* Task data *

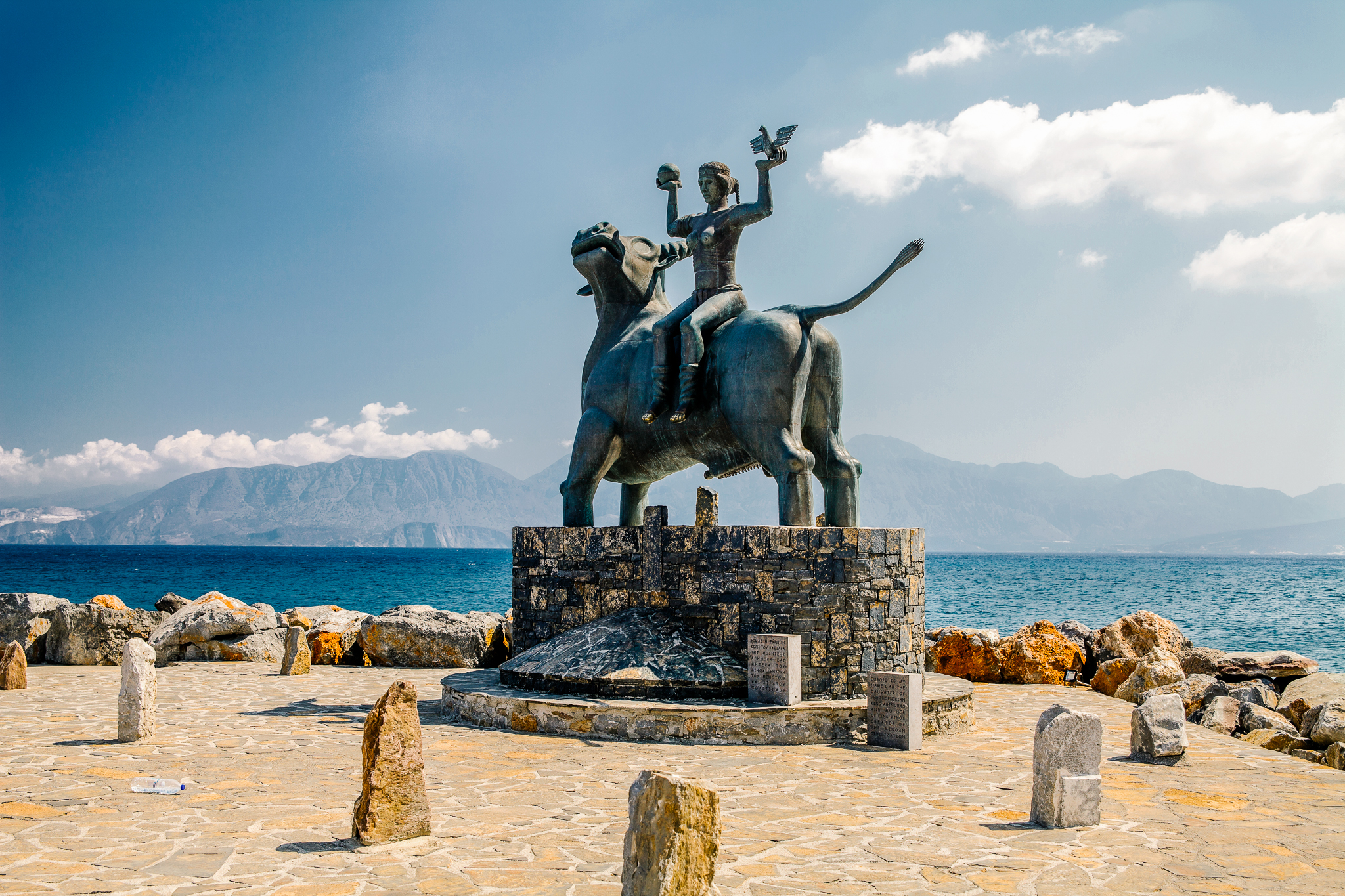 Today, the city’s main economic drivers are olive cultivation and, undoubtedly, tourism, making Agios Nikolaos an attractive destination year-round. Every corner showcases distinctive local architecture, while statues throughout the city each carry special significance. Among these is the famous “Abduction of Europa” on the harbor pier, designed by director Nikos Koundouros and created by Nikos and Pantelis Sotiriadis. Another notable landmark is “The Horn of Amaltheia,” also by the Sotiriadis brothers, displayed in a stone courtyard against the backdrop of magnificent Mirabello Bay and Agion Panton islet. Exploring the city, you’ll inevitably notice the characteristic stairs connecting different areas. These stairs, decorated by the Athens School of Fine Arts and the Lasithi Architects Association, have become a trademark of Agios Nikolaos and part of its identity.
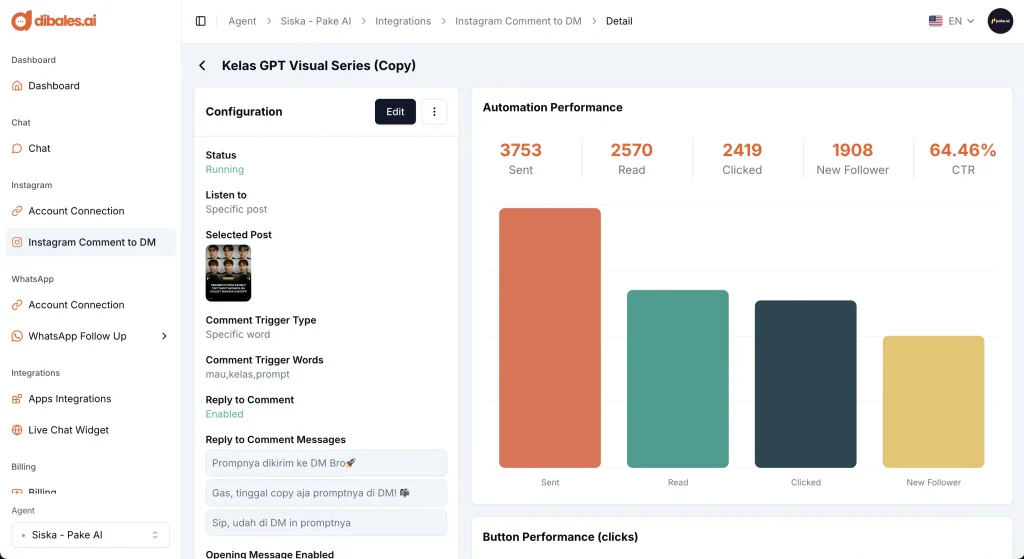 "Win solution buat efisiensi kerja konten creator! Fitur automasi komen ke DM dari Dibales.ai itu simpel, user-friendly, dan manfaatnya lebih banyak dibanding tools sebelah. Move ke dibales.ai itu udah paling bener deh kalau mau engagement-nya naik. Thank you Dibales.ai 🙌"
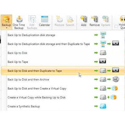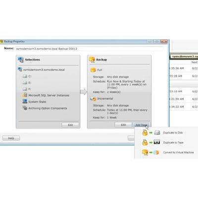 Replacing the Job Setup and Job Monitor views is the Backup and Restore tab. Its features include a simple point-and-click interface for creating new backup jobs from this list of common scenarios, including those involving a deduplication server. The highlighted scenario shown creates a process that first backs up to disk and then copies the backup to tape. What's really nice is the interface for editing these scenarios, shown next.
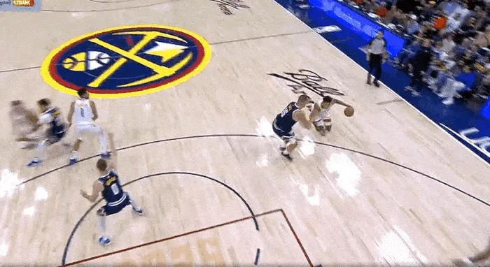 NBA常規賽,掘金對陣太陽(yáng)的上籃比賽正在進(jìn)行中。
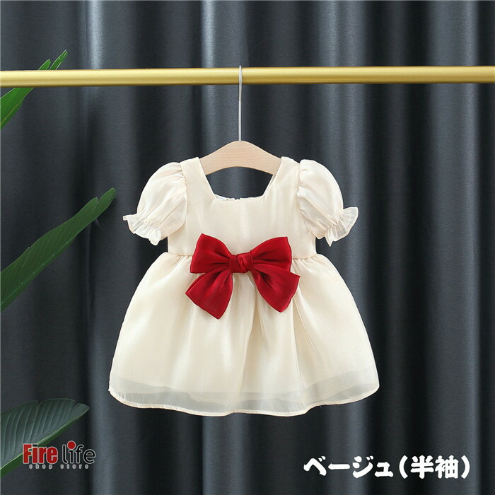 ベビー服 ワンピース リボン 女の子 キッズ ベビー マタニティ 早い者勝ち ベージュ(半袖) レッド(半袖) ベージュ(長袖) レッド(長袖) ベージュ2(長袖) レッド2(長袖) 73 80 90 100
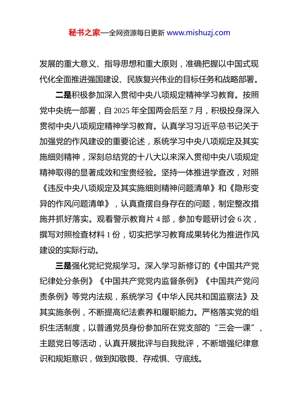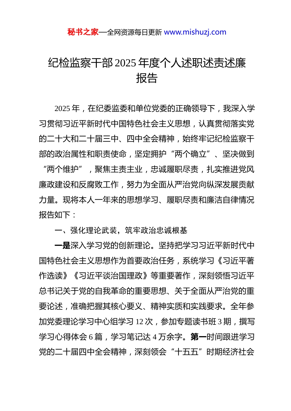 秘书之家—全网资源每日更新 www.mishuzj.com纪检监察干部 2025 年度个人述职述责述廉报告 2025 年,在纪委监委和单位党委的正确领导下,我深入学习贯彻习近平新时代中国特色社会主义思想,认真贯彻落实党的二十大和二十届三中、四中全会精神,始终牢记纪检监察干部的政治属性和职责使命,坚定拥护“两个确立”、坚决做到“两个维护”,聚焦主责主业,忠诚履职尽责,扎实推进党风廉政建设和反腐败工作,努力为全面从严治党向纵深发展贡献力量。现将本人一年来的思想学习、履职尽责和廉洁自律情况报告如下:一、强化理论武装,筑牢政治忠诚根基一是深入学习党的创新理论。坚持把学习习近平新时代中国特色社会主义思想作为首要政治任务,系统学习《习近平著作选读》《习近平谈治国理政》等重要著作,深刻领悟习近平总书记关于党的自我革命的重要思想、关于全面从严治党的重要论述,准确把握其核心要义、精神实质和实践要求。全年参加党委理论学习中心组学习 12 次,参加专题读书班 3 期,撰写学习心得体会 6 篇,学习笔记达 4 万余字。第一时间跟进学习党的二十届四中全会精神,深刻领会“十五五”时期经济社会秘书之家—全网资源每日更新 www.mishuzj.com发展的重大意义、指导思想和重大原则,准确把握以中国式现代化全面推进强国建设、民族复兴伟业的目标任务和战略部署。二是积极参加深入贯彻中央八项规定精神学习教育。按照党中央统一部署,自 2025 年全国两会后至 7 月,积极投身深入贯彻中央八项规定精神学习教育。认真学习习近平总书记关于加强党的作风建设的重要论述,系统学习中央八项规定及其实施细则精神,深刻总结党的十八大以来深入贯彻中央八项规定精神取得的显著成效和宝贵经验。坚持一体推进学查改,对照《违反中央八项规定及其实施细则精神问题清单》和《隐形变异的作风问题清单》,认真查摆自身存在的问题,制定整改措施并抓好落实。观看警示教育片 4 部,参加专题研讨会 6 次,撰写对照检查材料 1 份,切实把学习教育成果转化为推进作风建设的实际行动。三是强化党纪党规学习。深入学习新修订的《中国共产党纪律处分条例》《中国共产党党内监督条例》《中国共产党问责条例》等党内法规,系统学习《中华人民共和国监察法》及其实施条例,不断提高纪法素养和履职能力。严格落实党的组织生活制度,以普通党员身份参加所在党支部的“三会一课”、主题党日等活动,认真开展批评与自我批评,不断增强纪律意识和规矩意识,做到知敬畏、存戒惧、守底线。秘书之家—全网资源每日更新 www.mishuzj.com二、聚焦主责主业,忠诚履行监督职责一是强化政治监督。紧紧围绕“两个维护”这个根本任务,聚焦党中央重大决策部署贯彻落实情况开展政治监督。重点监督检查党的二十届四中全会精神学习贯彻、“十五五”规划部署落实、深入贯彻中央八项规定精神学习教育开展等情况,推动政治监督具体化、精准化、常态化。全年参与政治监督检查8 次,发现问题 15 个,督促整改到位 13 个,2 个问题正在持续整改中二是深化日常监督。坚持抓早抓小、防微杜渐,紧盯关键少数、关键岗位和关键环节,建立健全日常监督机制。全年列席党委会、办公会等重要会议 20 余次,对“三重一大”事项决策程序进行全程监督,提出意见建议 12 条并被采纳。开展明察暗访 10 次,发现并督促整改问题 18 个。运用“四种形态”处置问题线索,开展谈话提醒 32 人次、批评教育 15 人次,切实做到抓早抓小、红脸出汗。三是从严执纪问责。坚持有案必查、有腐必惩,始终保持惩治腐败高压态势。全年受理信访举报 12 件,处置问题线索 15件,初核 10 件,立案 4 件,给予党纪政务处分 5 人。注重发挥查办案件的治本功能,针对查处的典型案例,组织召开警示教育大会 3 次,制发纪检监察建议书 2 份,督促相关单位完善制秘书之家—全网资源每日更新 www.mishuzj.com度机制 5 项,推动实现“查处一案、警示一片、治理一域”四是深化专项整治。扎实开展群众身边不正之风和腐败问题专项整治,聚焦教育医疗、养老社保、生态环保等重点领域,集中整治损害群众利益的突...
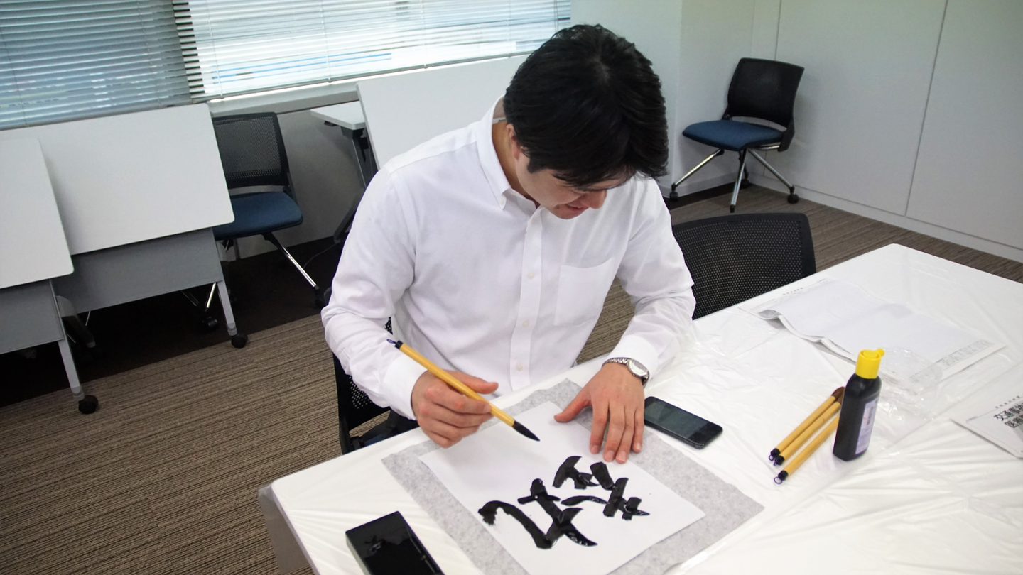開始と同時に真っ先に来てくれたのが、入社5年目セールスのTさん。トップバッターに相応しく書いた字は「勢」でした。
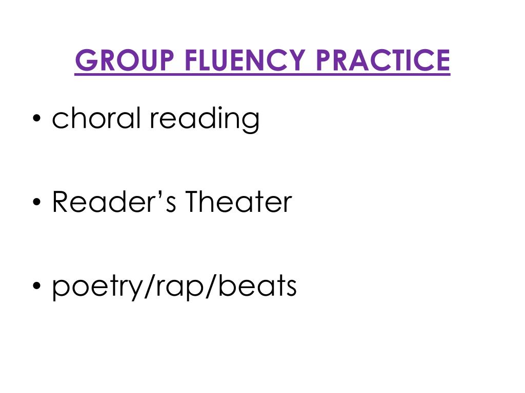 GROUP FLUENCY PRACTICE • choral reading • Reader’s Theater • poetry/rap/beats
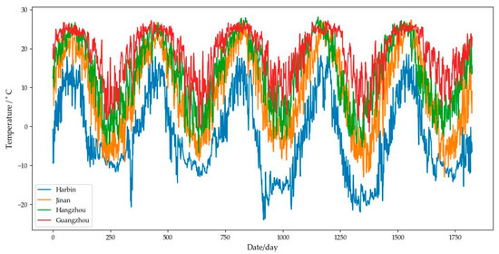 Figure 11 depicts the temperature trends in the four cities of Harbin, Jinan, Hangzhou, and Guangzhou during the five-year period from 1 May 2014 to 1 May 2019. As shown in Figure 11, the temperature difference in Guangzhou is small throughout the year, about 24 °C to 26 °C due to its low latitude, its proximity to the South China Sea, and its subtropical maritime climate. Therefore, the prediction accuracy in Guangzhou is better than in other cities. However, in Harbin and Jinan, the temperature fluctuates throughout the year, with a temperature difference of about 35 °C. The prediction accuracy of the model is lower than in other cities, with more slight fluctuations.
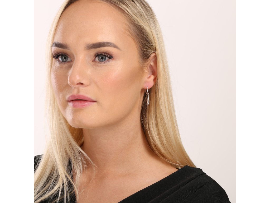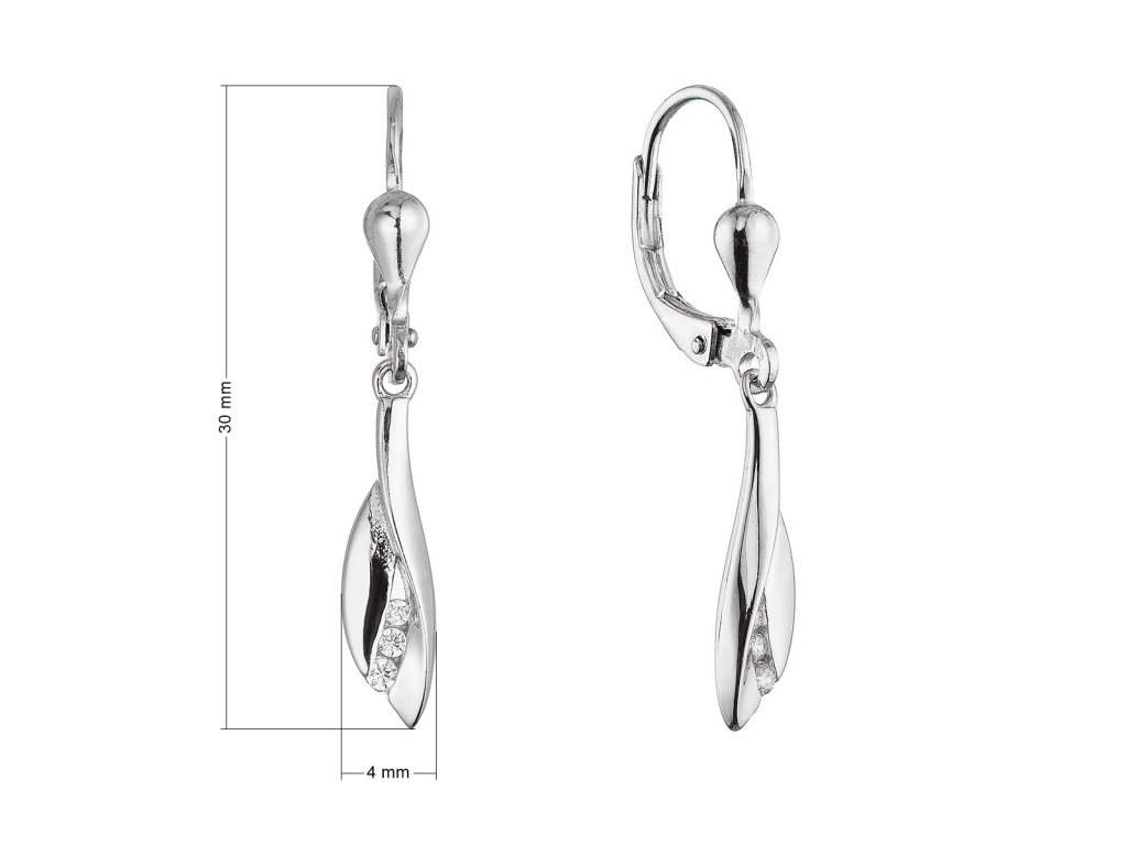 Strieborné visiace náušnice 11611.1 z kvalitného striebra o rýdzosti 925/1000 s ródiovou úpravou zaujmú svojim elegantným a nevšedným dizajnom v tvare slzy. Náušnice sú rozdelené do troch častí – najdlhšia hladká časť tvorí hornú líniu slzy a plynule prechádza do stredovej časti, ktorú zdobia tri jemne vsadené číre kamienky dodávajúce šperku decentný lesk. Tretia, spodná časť je opäť hladká, ale kratšia, čo vytvára harmonický vizuálny kontrast a dodáva náušniciam ľahkosť.
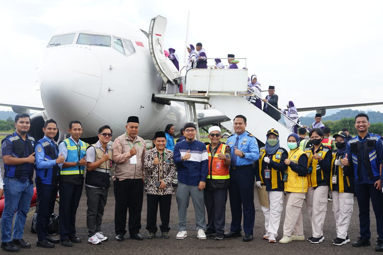 General Manager Bandara H.AS. Hanandjoeddin menyampaikan “apresiasi setinggi-tingginya dan ucapan terimakasih kepada Pemkab Belitung & Belitung Timur, seluruh perwakilan instansi TNI-Polri, Satpol PP, Badan Karantina Kesehatan, RS, Puskesmas, BMKG, Lion Air serta seluruh pihak yang telah mendukung kelancaran keberangkatan Jamaah Haji yang berasal dari Kabupaten Belitung dan Belitung Timur.
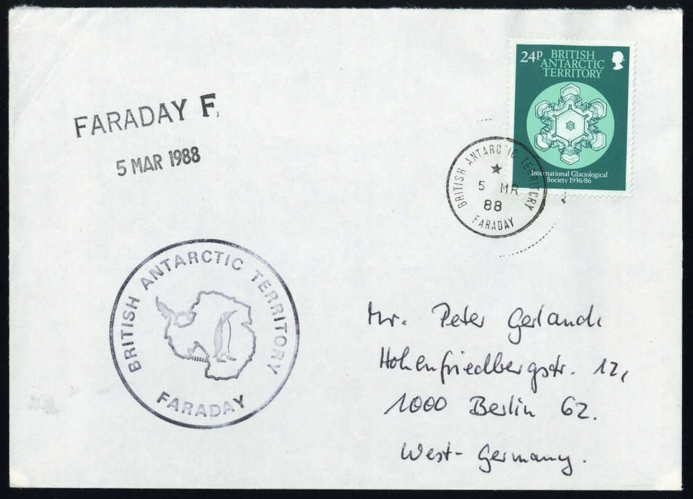 "B. A. T. 5 MR 88 FARADAY", K1 auf 24 P Kristalle, dto. Best.Stpl. + L2 "FARADAY F 5 MAR 1988", Brief nach Berlin
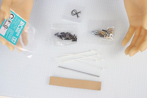 ということで、ここでマニュアルの順番を変え、ステアリングを作ります。まずは、左右のロッドを2本ずつ作ります。

* Exercise instructions *
Pictures should not appear in the copy. Write out exactly the lines above from the first one through the line that contains "solution buat efisiensi".

* Task result *
 Today, the city’s main economic drivers are olive cultivation and, undoubtedly, tourism, making Agios Nikolaos an attractive destination year-round. Every corner showcases distinctive local architecture, while statues throughout the city each carry special significance. Among these is the famous “Abduction of Europa” on the harbor pier, designed by director Nikos Koundouros and created by Nikos and Pantelis Sotiriadis. Another notable landmark is “The Horn of Amaltheia,” also by the Sotiriadis brothers, displayed in a stone courtyard against the backdrop of magnificent Mirabello Bay and Agion Panton islet. Exploring the city, you’ll inevitably notice the characteristic stairs connecting different areas. These stairs, decorated by the Athens School of Fine Arts and the Lasithi Architects Association, have become a trademark of Agios Nikolaos and part of its identity.
 "Win solution buat efisiensi kerja konten creator! Fitur automasi komen ke DM dari Dibales.ai itu simpel, user-friendly, dan manfaatnya lebih banyak dibanding tools sebelah. Move ke dibales.ai itu udah paling bener deh kalau mau engagement-nya naik. Thank you Dibales.ai 🙌"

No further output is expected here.